Would you give the listing again exactly as written, minus its pictures?

— RECORDS —
^^^^^^^^^^^^^^^^
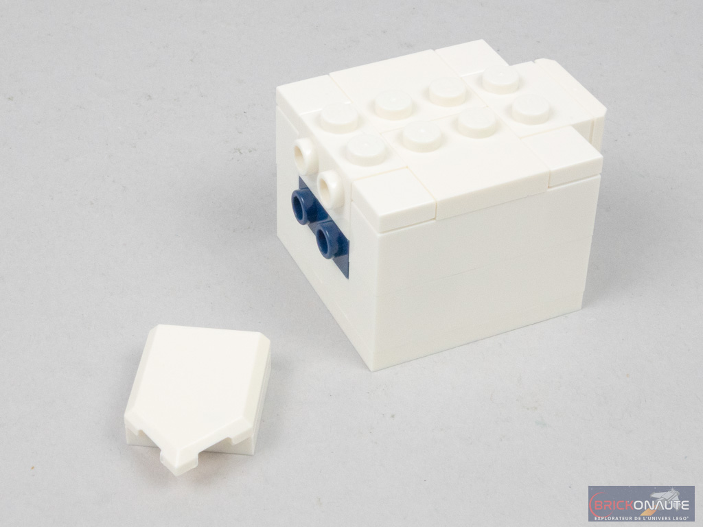 Pour EVE, la construction du corps renferme une petite surprise : il est creux, et une plante s’y cache. Typiquement le genre de détails que j’adore. LEGO BrickHeadz oblige, la forme ovoïde du corps est simplifiée, avec l’utilisation de slopes inversées à double rampant en partie basse. On la pose sur une brique transparente pour qu’elle « flotte ». La tête est assez classique et renferme une brique rose, on « l’habille » sur ses différentes faces pour obtenir une forme arrondie. Les yeux sont ici simplement représentés par des petites round tiles bleues, ça fonctionne bien.
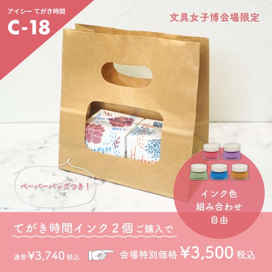 会場限定のお得な「てがき時間インク」セットのほか、限定ノベルティをプレゼント
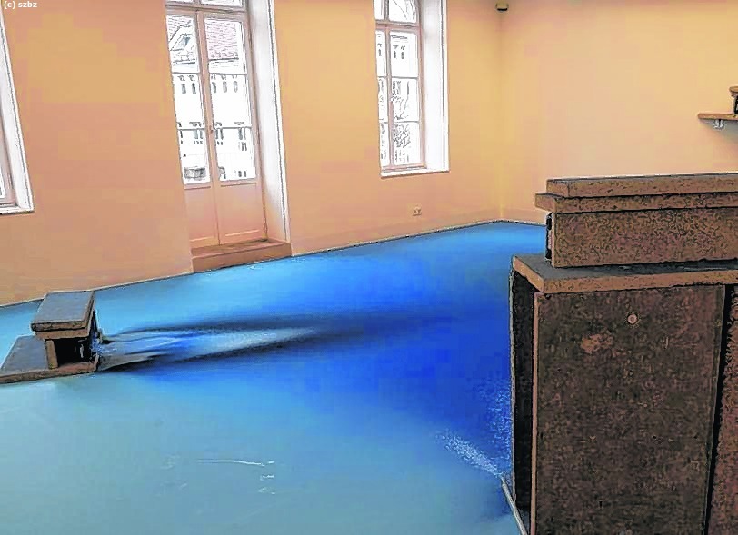 Gleichermaßen schön wie befremdlich, bizarr und rätselhaft ist, was Sophie Innmann im Hauptausstellungsraum des ersten Stocks geschaffen hat. „Selfie“ heißt ihre Installation, die bis auf einen schmalen Streifen Fußboden, von dem der Besucher aus das Werk betrachten darf, den gesamten Boden und einen Teil der Seitenwand in Beschlag nimmt.
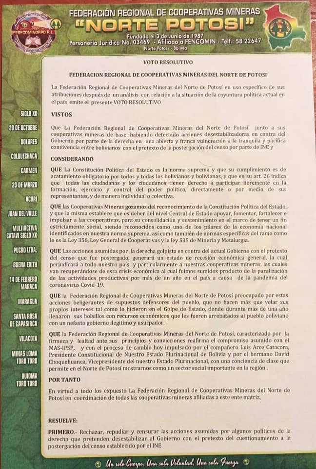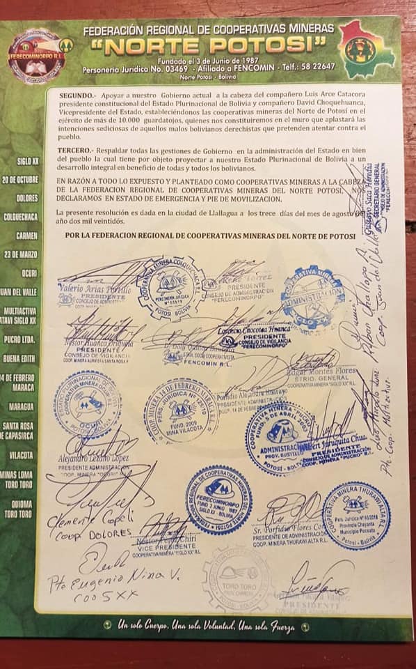 La Federación Regional de Cooperativas Minera Norte Potosí expresó su rechazo ante cualquier intento de desestabilización al Gobierno por parte de grupos de derecha. Además expresaron su respaldo al presidente Luis y al vicepresidente David Choquehuanca, afirmaron que permanecerán en estado de emergencia.
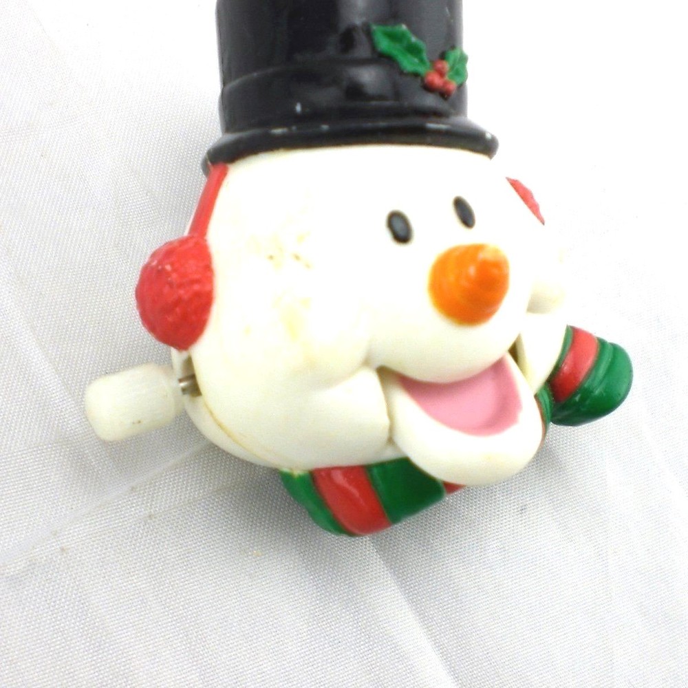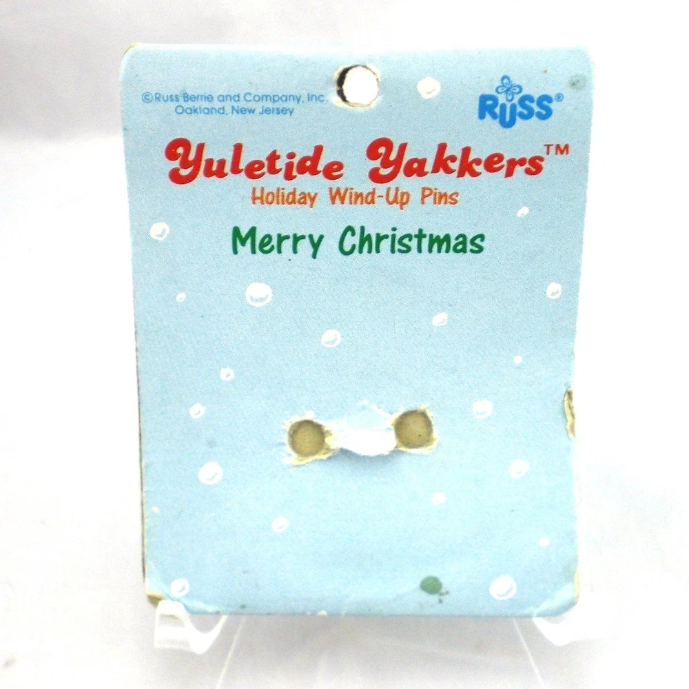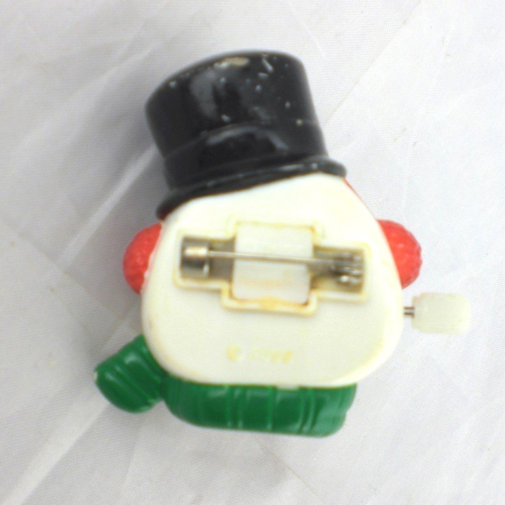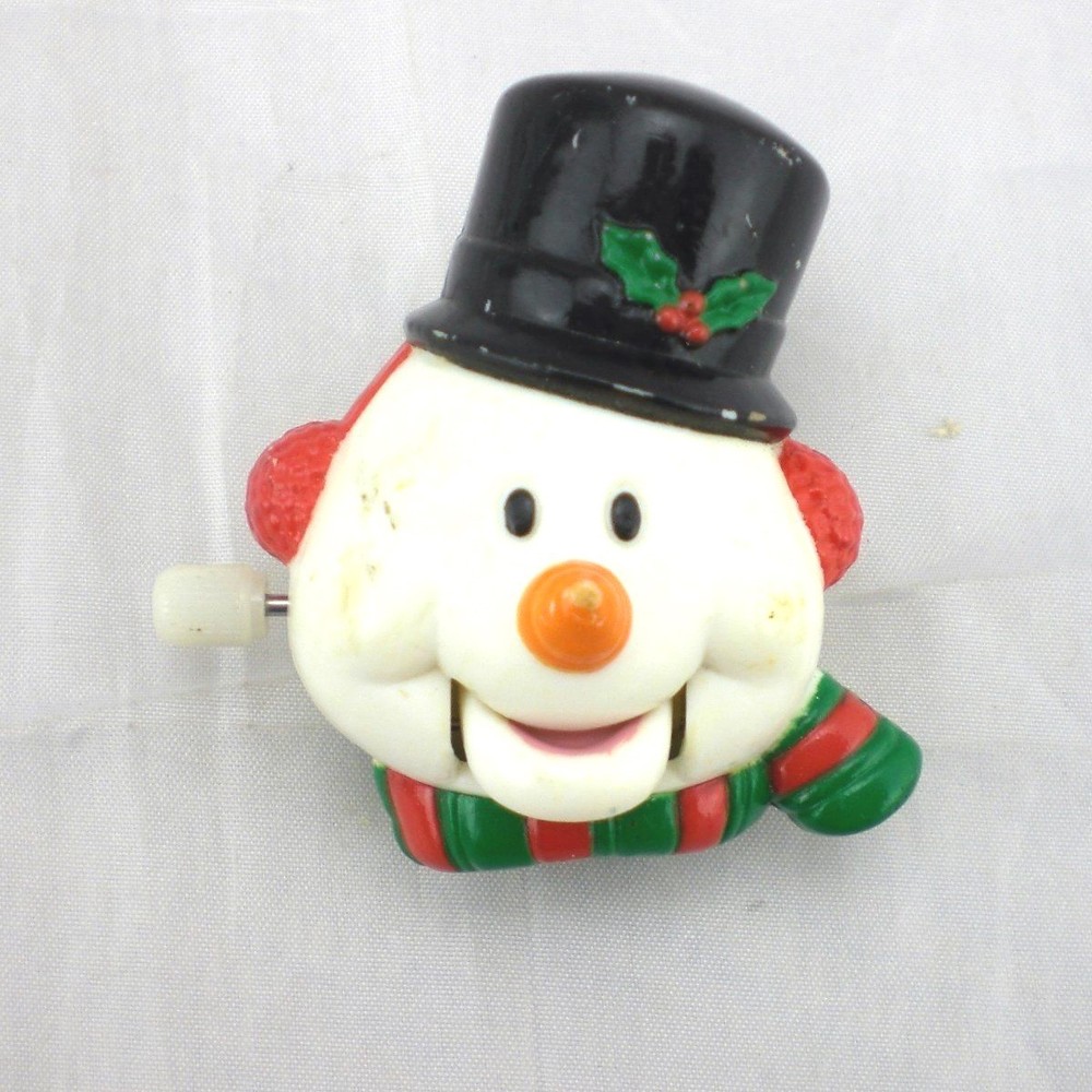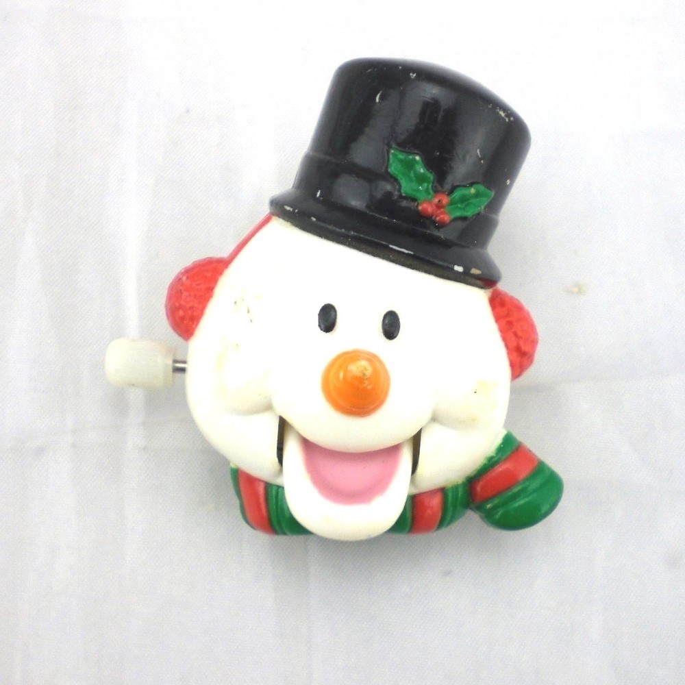 Vintage Russ Berrie Yuletide Yakkers Wind Up Snowman Holiday Pin Xmas Vintage Russ Berrie Yuletide Yakkers Wind-Up Snowman Face Pin/Brooch. A fun holiday brooch of a snowman's head whose mouth opens and closes when wound up. He is wearing a black top hat with a holly & berry accent and a green and red striped scarf. Winder is on the side of his head and is functional. Includes the original cardboard tag which was made in Hong Kong, pin made in China 2" Height x 1-3/4" Diameter Wear to the paint on the face, nose and hat. Some discolored marks on one side of his face. Cardboard tag is tearing and bending on the edges and in the middle where the pin used to attach From a smoke-free, pet-free environment
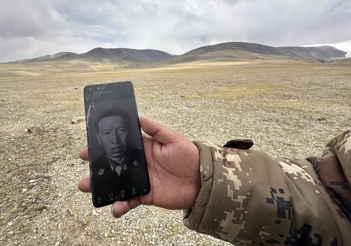 2024年6月15日,在西藏那曲市尼瑪縣境內(nèi)的羌塘國(guó)家級(jí)自然保護(hù)區(qū)“無(wú)人區(qū)”深處,格桑倫珠向記者展示他手機(jī)中珍藏的羅布玉杰的照片。新華社記者費(fèi)茂華攝
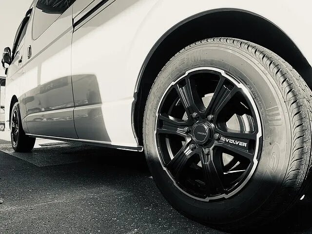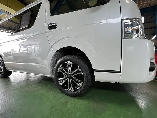 本巣市在住でハイエースにお乗りのお客様のご依頼で、GARCIAさんのSS REVOLVER(17インチにサイズアップ)を装着。同時に17インチのブリヂストンタイヤGL-Rを組付けました。重量のある車でも安心してお乗りいただけます。
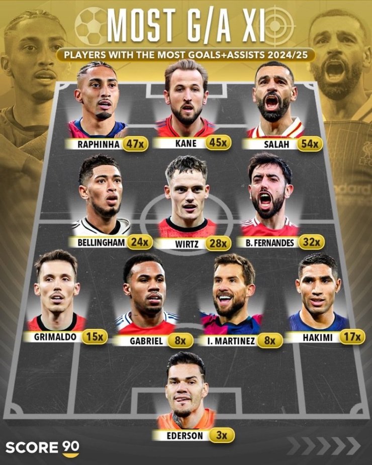 Опубликована сборная лучших игроков на своих позициях в топ-5 лиг Европы по системе «гол+пас».
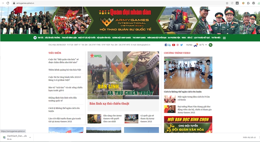 Nhằm đáp ứng yêu cầu tuyên truyền về hoạt động của các đội tuyển QĐND Việt Nam tại Hội thao Quân sự quốc tế (Army Games 2021), Báo QĐND Điện tử đã ra mắt trang chuyên đề với nhiều nội dung đặc sắc tại địa chỉ http://armygames.qdnd.vn.
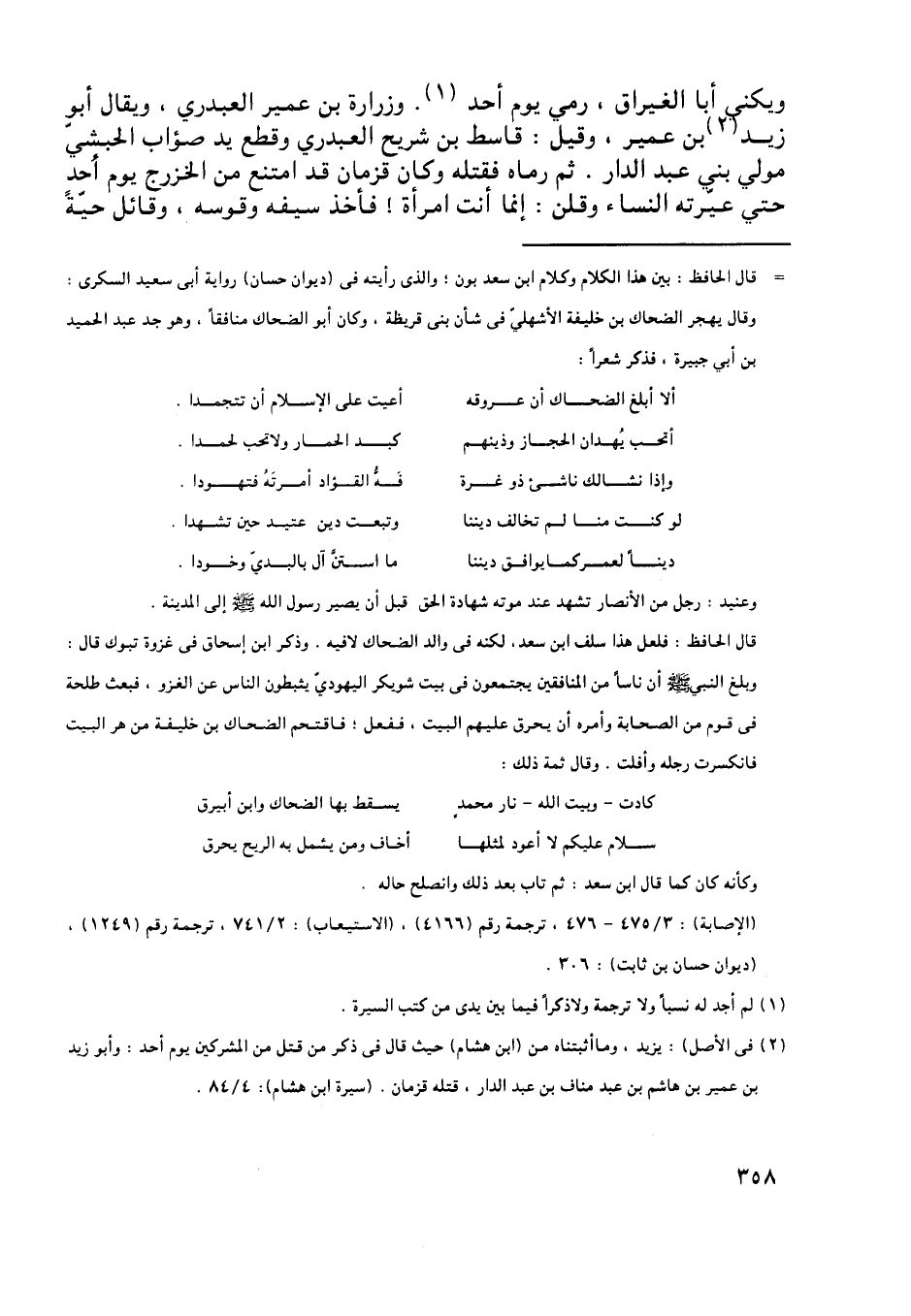 [ () ] قال الحافظ: بين هذا الكلام وكلام ابن سعد بون، والّذي رأيته في (ديوان حسان) رواية أبى سعيد السكرى، وقال يهجر الضحاك بن خليفة الأشهليّ في شأن بنى قريظة، وكان أبو الضحاك منافقا، وهو جد عبد الحميد بن أبي جبيرة، فذكر شعرا:
^^^^^^^^^^^^^^^^
— ANSWER FOR THE TASK —
 Pour EVE, la construction du corps renferme une petite surprise : il est creux, et une plante s’y cache. Typiquement le genre de détails que j’adore. LEGO BrickHeadz oblige, la forme ovoïde du corps est simplifiée, avec l’utilisation de slopes inversées à double rampant en partie basse. On la pose sur une brique transparente pour qu’elle « flotte ». La tête est assez classique et renferme une brique rose, on « l’habille » sur ses différentes faces pour obtenir une forme arrondie. Les yeux sont ici simplement représentés par des petites round tiles bleues, ça fonctionne bien.
 会場限定のお得な「てがき時間インク」セットのほか、限定ノベルティをプレゼント
 Gleichermaßen schön wie befremdlich, bizarr und rätselhaft ist, was Sophie Innmann im Hauptausstellungsraum des ersten Stocks geschaffen hat. „Selfie“ heißt ihre Installation, die bis auf einen schmalen Streifen Fußboden, von dem der Besucher aus das Werk betrachten darf, den gesamten Boden und einen Teil der Seitenwand in Beschlag nimmt.
 La Federación Regional de Cooperativas Minera Norte Potosí expresó su rechazo ante cualquier intento de desestabilización al Gobierno por parte de grupos de derecha. Además expresaron su respaldo al presidente Luis y al vicepresidente David Choquehuanca, afirmaron que permanecerán en estado de emergencia.
 Vintage Russ Berrie Yuletide Yakkers Wind Up Snowman Holiday Pin Xmas Vintage Russ Berrie Yuletide Yakkers Wind-Up Snowman Face Pin/Brooch. A fun holiday brooch of a snowman's head whose mouth opens and closes when wound up. He is wearing a black top hat with a holly & berry accent and a green and red striped scarf. Winder is on the side of his head and is functional. Includes the original cardboard tag which was made in Hong Kong, pin made in China 2" Height x 1-3/4" Diameter Wear to the paint on the face, nose and hat. Some discolored marks on one side of his face. Cardboard tag is tearing and bending on the edges and in the middle where the pin used to attach From a smoke-free, pet-free environment
 2024年6月15日,在西藏那曲市尼瑪縣境內(nèi)的羌塘國(guó)家級(jí)自然保護(hù)區(qū)“無(wú)人區(qū)”深處,格桑倫珠向記者展示他手機(jī)中珍藏的羅布玉杰的照片。新華社記者費(fèi)茂華攝
 本巣市在住でハイエースにお乗りのお客様のご依頼で、GARCIAさんのSS REVOLVER(17インチにサイズアップ)を装着。同時に17インチのブリヂストンタイヤGL-Rを組付けました。重量のある車でも安心してお乗りいただけます。
 Опубликована сборная лучших игроков на своих позициях в топ-5 лиг Европы по системе «гол+пас».
 Nhằm đáp ứng yêu cầu tuyên truyền về hoạt động của các đội tuyển QĐND Việt Nam tại Hội thao Quân sự quốc tế (Army Games 2021), Báo QĐND Điện tử đã ra mắt trang chuyên đề với nhiều nội dung đặc sắc tại địa chỉ http://armygames.qdnd.vn.
 [ () ] قال الحافظ: بين هذا الكلام وكلام ابن سعد بون، والّذي رأيته في (ديوان حسان) رواية أبى سعيد السكرى، وقال يهجر الضحاك بن خليفة الأشهليّ في شأن بنى قريظة، وكان أبو الضحاك منافقا، وهو جد عبد الحميد بن أبي جبيرة، فذكر شعرا:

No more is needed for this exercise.